Task goal »
Setting pictures aside, output exactly the lines from the start of the records to the line with "Figure 10. Füreyâ", that line included.

Source data »

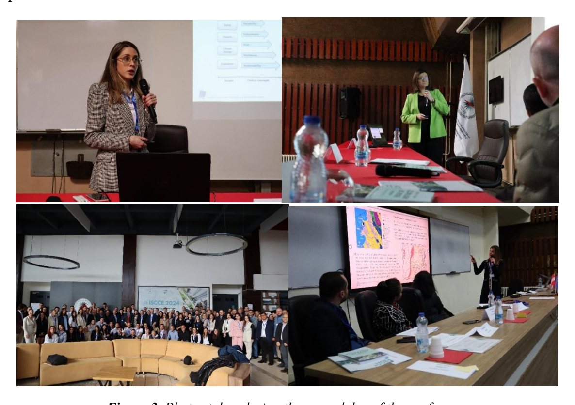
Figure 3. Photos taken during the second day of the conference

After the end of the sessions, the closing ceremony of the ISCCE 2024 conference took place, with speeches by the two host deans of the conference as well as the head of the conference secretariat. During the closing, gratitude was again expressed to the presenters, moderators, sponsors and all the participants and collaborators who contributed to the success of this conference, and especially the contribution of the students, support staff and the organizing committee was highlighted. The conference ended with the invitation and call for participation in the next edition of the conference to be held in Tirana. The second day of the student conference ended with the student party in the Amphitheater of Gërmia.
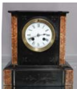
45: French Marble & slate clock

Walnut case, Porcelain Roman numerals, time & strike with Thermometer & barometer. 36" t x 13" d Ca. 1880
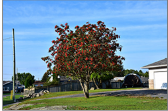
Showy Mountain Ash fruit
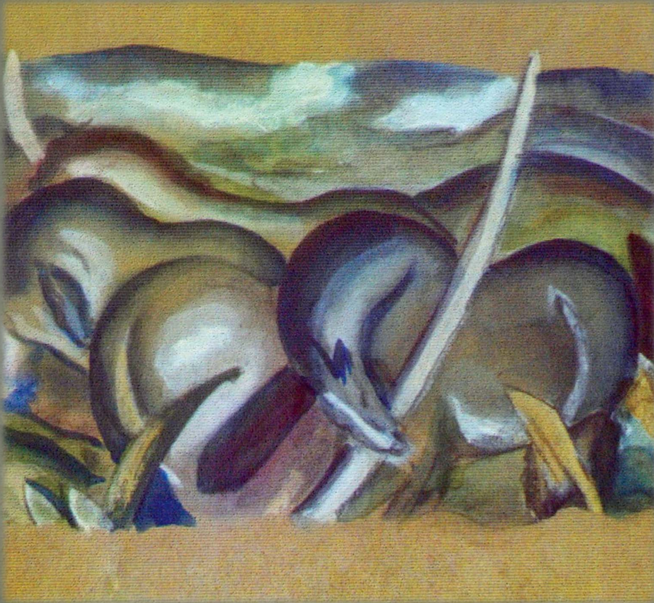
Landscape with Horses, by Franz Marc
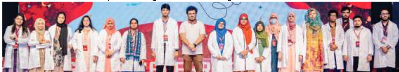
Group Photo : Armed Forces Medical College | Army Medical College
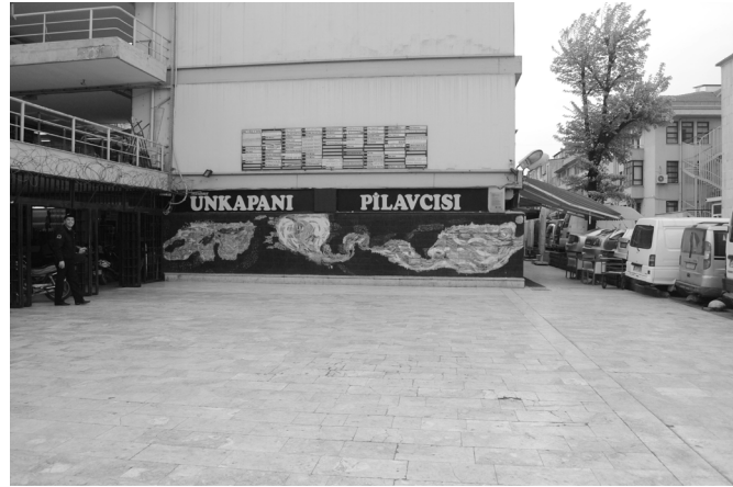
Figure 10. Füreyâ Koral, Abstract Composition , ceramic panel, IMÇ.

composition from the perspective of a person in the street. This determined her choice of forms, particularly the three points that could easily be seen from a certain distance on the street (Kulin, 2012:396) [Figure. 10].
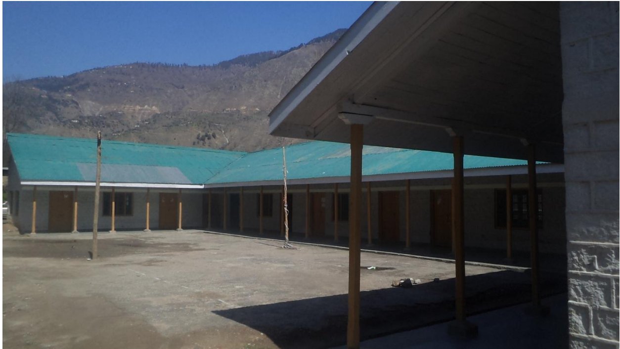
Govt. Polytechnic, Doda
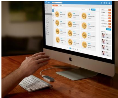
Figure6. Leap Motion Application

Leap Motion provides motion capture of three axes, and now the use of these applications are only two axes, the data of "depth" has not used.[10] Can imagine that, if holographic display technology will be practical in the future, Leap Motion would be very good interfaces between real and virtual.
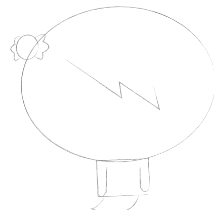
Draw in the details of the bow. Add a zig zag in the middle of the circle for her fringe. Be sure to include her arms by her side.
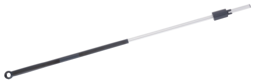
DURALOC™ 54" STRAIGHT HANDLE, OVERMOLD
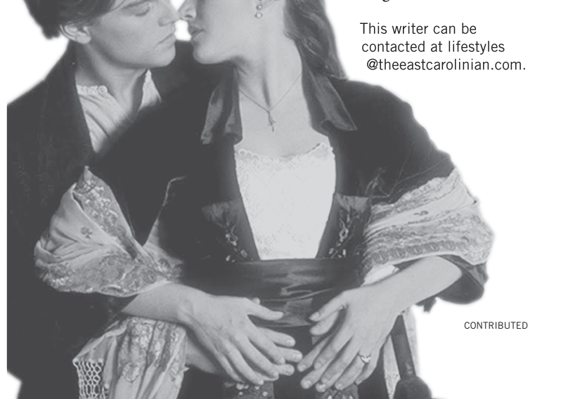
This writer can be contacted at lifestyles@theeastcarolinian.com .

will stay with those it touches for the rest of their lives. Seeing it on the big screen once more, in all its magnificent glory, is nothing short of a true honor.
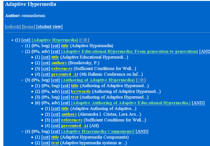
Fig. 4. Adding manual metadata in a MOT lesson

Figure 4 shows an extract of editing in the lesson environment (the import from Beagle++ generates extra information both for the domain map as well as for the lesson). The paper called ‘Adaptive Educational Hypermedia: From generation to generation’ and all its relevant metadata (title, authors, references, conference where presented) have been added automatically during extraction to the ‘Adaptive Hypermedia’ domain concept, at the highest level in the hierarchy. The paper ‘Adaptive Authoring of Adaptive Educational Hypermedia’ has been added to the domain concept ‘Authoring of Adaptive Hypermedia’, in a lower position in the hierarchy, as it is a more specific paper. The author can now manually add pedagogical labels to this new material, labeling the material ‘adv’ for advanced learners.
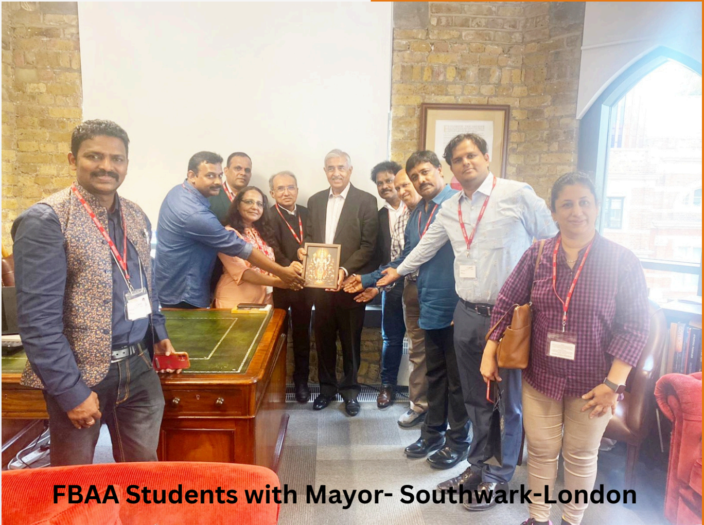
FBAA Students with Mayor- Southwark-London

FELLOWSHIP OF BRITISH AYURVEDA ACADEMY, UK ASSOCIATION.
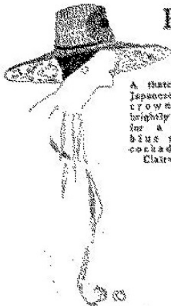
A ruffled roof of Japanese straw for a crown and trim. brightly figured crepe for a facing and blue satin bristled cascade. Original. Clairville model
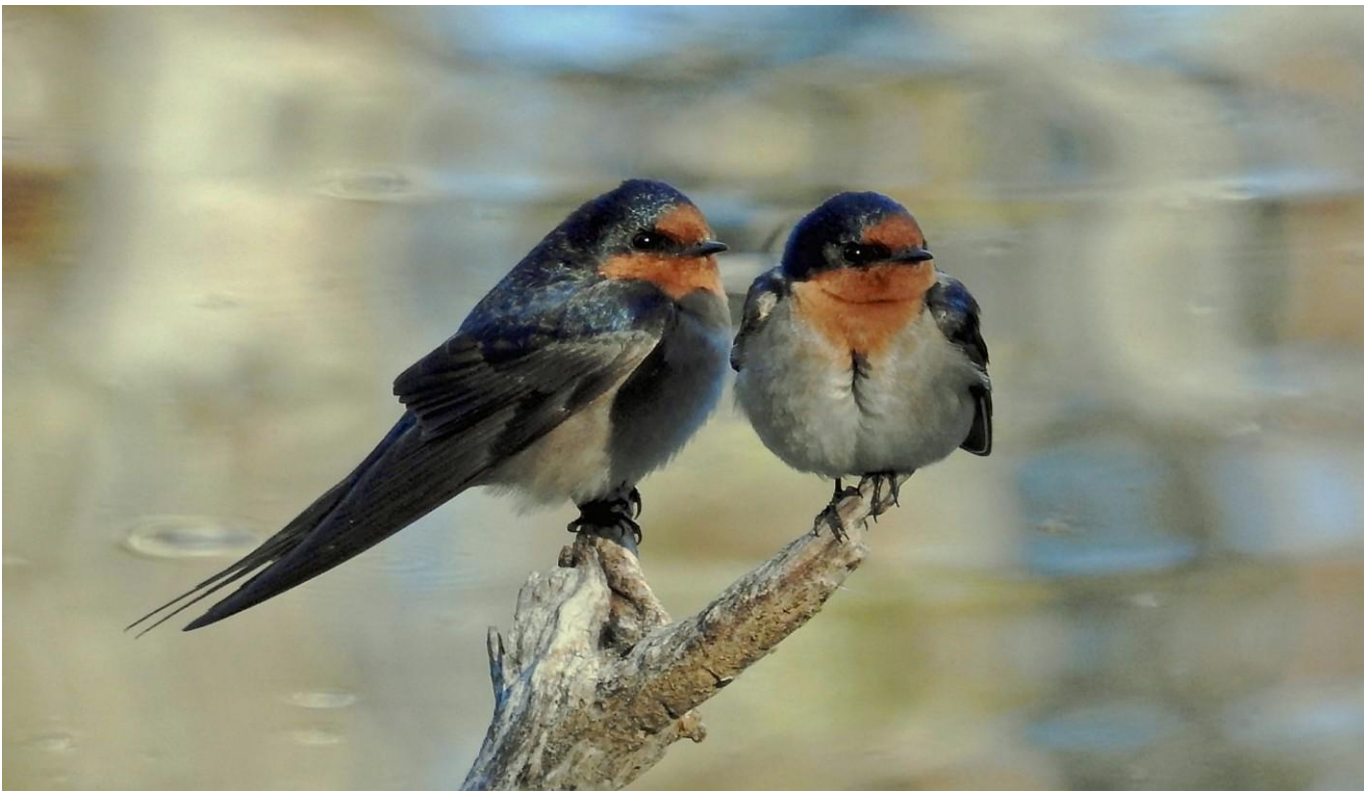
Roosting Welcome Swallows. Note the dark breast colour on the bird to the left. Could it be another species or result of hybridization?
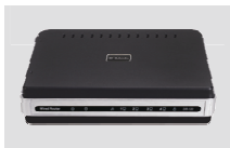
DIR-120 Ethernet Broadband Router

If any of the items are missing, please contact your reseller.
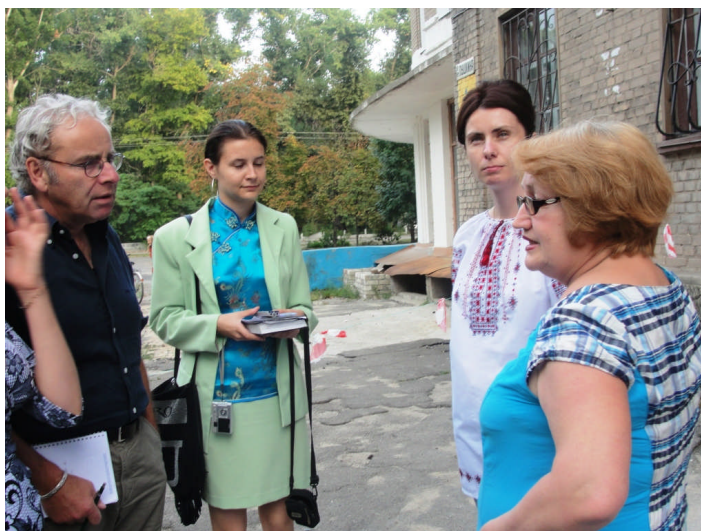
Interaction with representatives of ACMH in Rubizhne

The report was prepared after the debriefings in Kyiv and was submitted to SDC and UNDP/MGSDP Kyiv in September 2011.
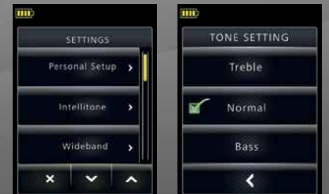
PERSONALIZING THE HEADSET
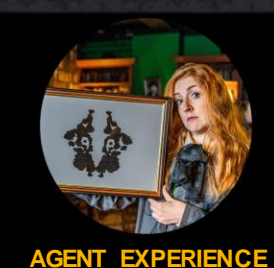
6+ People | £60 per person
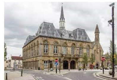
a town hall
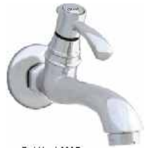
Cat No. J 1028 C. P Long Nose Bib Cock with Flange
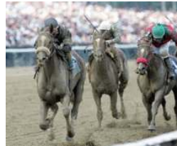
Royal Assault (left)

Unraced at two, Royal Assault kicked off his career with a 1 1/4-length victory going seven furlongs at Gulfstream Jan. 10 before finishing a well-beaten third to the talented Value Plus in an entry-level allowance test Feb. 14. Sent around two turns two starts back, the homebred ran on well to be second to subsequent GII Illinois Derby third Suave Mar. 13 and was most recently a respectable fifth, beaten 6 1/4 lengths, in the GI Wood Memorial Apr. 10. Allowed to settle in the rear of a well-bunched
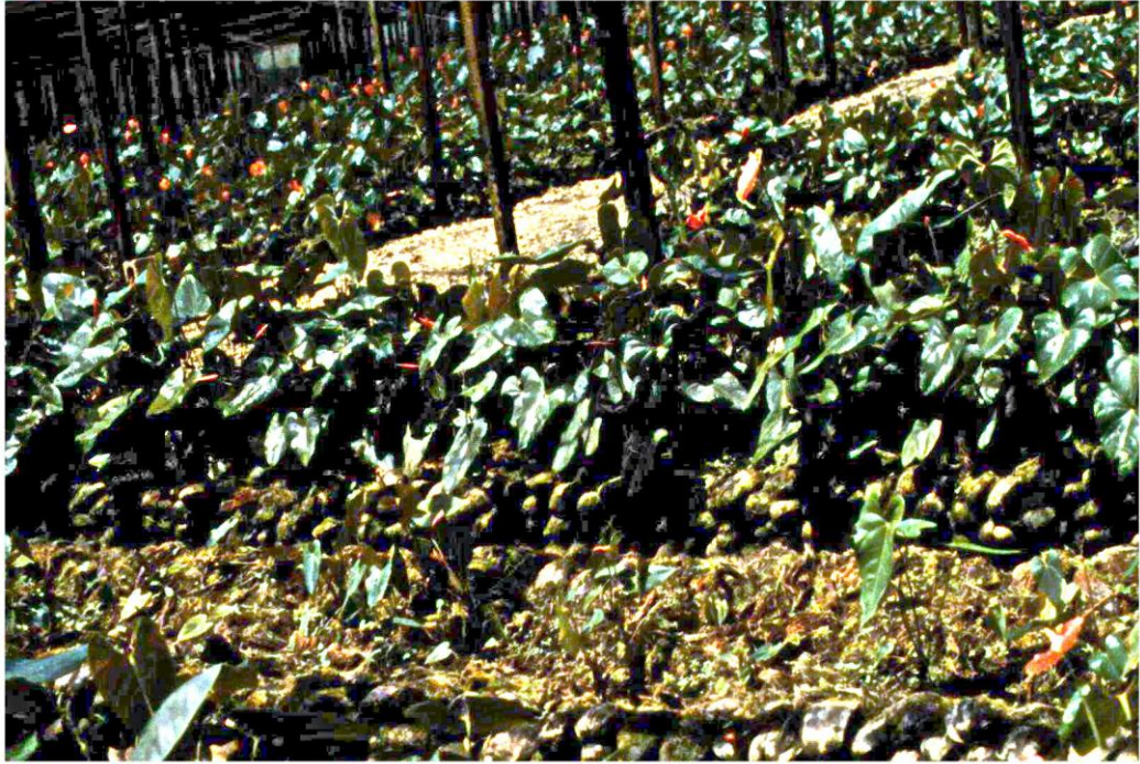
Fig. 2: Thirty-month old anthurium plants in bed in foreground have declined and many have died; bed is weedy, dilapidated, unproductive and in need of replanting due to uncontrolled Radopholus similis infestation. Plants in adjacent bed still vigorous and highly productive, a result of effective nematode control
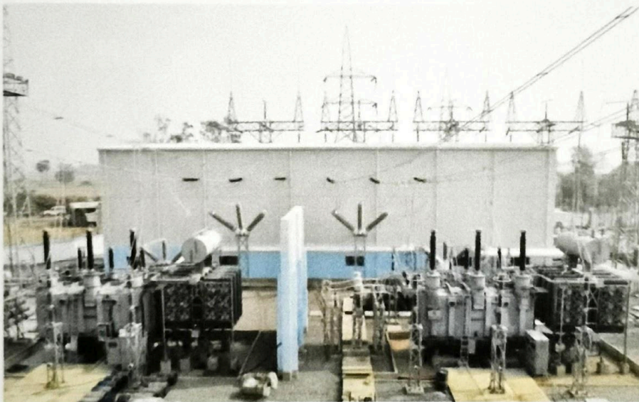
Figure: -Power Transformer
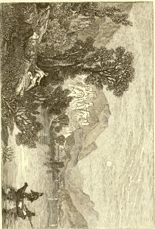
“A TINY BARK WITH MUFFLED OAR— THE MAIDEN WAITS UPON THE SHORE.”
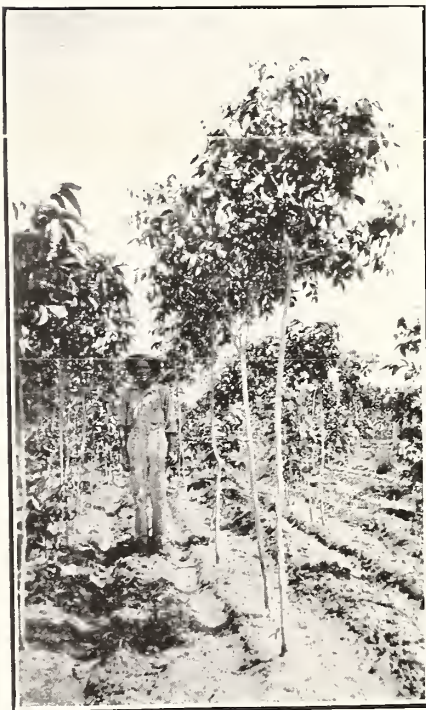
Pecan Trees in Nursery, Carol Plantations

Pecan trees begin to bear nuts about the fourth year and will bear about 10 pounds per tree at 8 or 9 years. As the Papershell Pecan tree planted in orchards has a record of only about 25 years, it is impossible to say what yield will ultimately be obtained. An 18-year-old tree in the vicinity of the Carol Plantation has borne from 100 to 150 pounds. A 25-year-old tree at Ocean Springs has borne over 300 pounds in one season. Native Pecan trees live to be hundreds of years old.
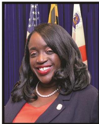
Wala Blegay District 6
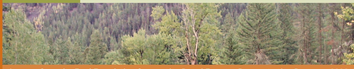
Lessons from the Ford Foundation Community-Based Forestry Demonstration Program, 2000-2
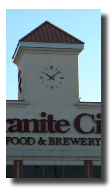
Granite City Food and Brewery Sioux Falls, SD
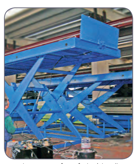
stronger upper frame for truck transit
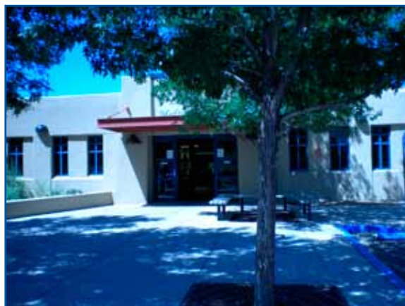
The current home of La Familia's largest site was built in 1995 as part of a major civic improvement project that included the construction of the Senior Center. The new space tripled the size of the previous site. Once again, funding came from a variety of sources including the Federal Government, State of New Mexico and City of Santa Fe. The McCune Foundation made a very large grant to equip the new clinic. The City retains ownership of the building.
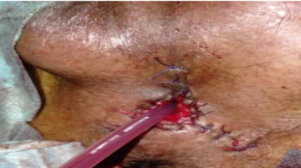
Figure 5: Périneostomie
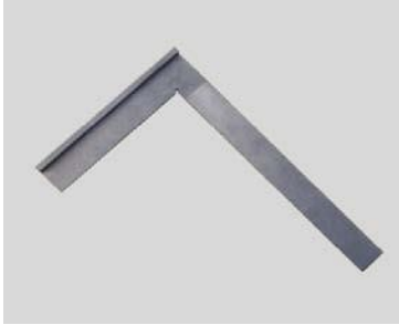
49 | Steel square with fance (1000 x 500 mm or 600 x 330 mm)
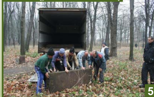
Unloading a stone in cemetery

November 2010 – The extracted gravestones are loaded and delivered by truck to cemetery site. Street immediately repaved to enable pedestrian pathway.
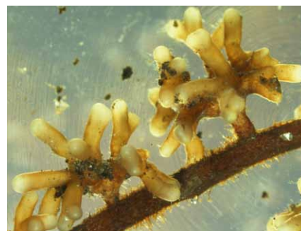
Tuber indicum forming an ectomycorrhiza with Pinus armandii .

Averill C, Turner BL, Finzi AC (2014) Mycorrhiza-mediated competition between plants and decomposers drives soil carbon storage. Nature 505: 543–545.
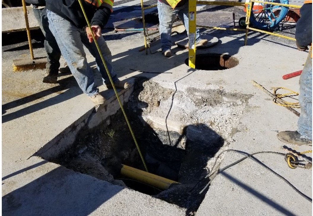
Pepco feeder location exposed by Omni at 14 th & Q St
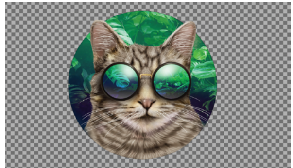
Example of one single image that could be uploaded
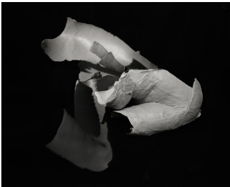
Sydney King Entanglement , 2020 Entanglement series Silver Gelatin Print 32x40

Answer section »
Figure 3. Photos taken during the second day of the conference

After the end of the sessions, the closing ceremony of the ISCCE 2024 conference took place, with speeches by the two host deans of the conference as well as the head of the conference secretariat. During the closing, gratitude was again expressed to the presenters, moderators, sponsors and all the participants and collaborators who contributed to the success of this conference, and especially the contribution of the students, support staff and the organizing committee was highlighted. The conference ended with the invitation and call for participation in the next edition of the conference to be held in Tirana. The second day of the student conference ended with the student party in the Amphitheater of Gërmia.
45: French Marble & slate clock

Walnut case, Porcelain Roman numerals, time & strike with Thermometer & barometer. 36" t x 13" d Ca. 1880
Showy Mountain Ash fruit
Landscape with Horses, by Franz Marc
Group Photo : Armed Forces Medical College | Army Medical College
Figure 10. Füreyâ Koral, Abstract Composition , ceramic panel, IMÇ.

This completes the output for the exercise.